So CFOs have been awaiting comments, queries and specific questions from the SEC, and now the first communications have come through. The litmus test suggests the news is not good. At the recent Euromoney IFRS conference Mr Symonds said that among the communications he had received from the SEC there were several that showed it was still clinging to specific and detailed questioning about how one paragraph of a particular financial reporting standard had been applied.

It has become clear this has happened to many, if not all, the UK companies that, having listings in the US, come under the regulatory eye of the SEC. One FTSE100 company received some 66 specific queries. “The SEC becomes the judge and jury,” said Mr Symonds. One company was questioned about a particular accounting treatment it had specifically cleared ahead of time with the UK accounts watchdog, the Financial Reporting and Review Panel. The consensus among CFOs was that the SEC was sending exactly the wrong signal to the financial reporting community.

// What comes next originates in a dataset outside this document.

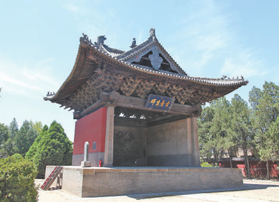 从现存文献看,山西芮城县东岳庙金泰和三年(1203年)碑刻《东岳庙新修露台记》就有记载,如“唯有露台一所,累(垒)土为之”,“衍循旧贯,创用砖石增大其基”等等。遗存的实例,有山西晋祠的金人台和河南登封中岳庙的露台。晋祠金人台是方形基台,通体由砖石铺设,不设顶盖,四周砖砌花栏围挡,前后设台阶,距圣母殿50余米。根据露台的位置、形制以及献殿的创建时间推测,晋祠金人台最早与正殿在同一时间创建。

There are several reasons for this setback. The first is the dominance of lawyers in the US financial reporting and regulatory systems. Parodying Abraham Lincoln, Robert Herz, the chairman of the US Financial Accounting Standards Board, which promulgates US financial reporting standards, told the same conference: “Auditors, preparers and regulators all need to act on the principles issue.” But he warned of the upcoming difficulties: “We have become a nation of lawyers, governed by the lawyers, and for the lawyers.”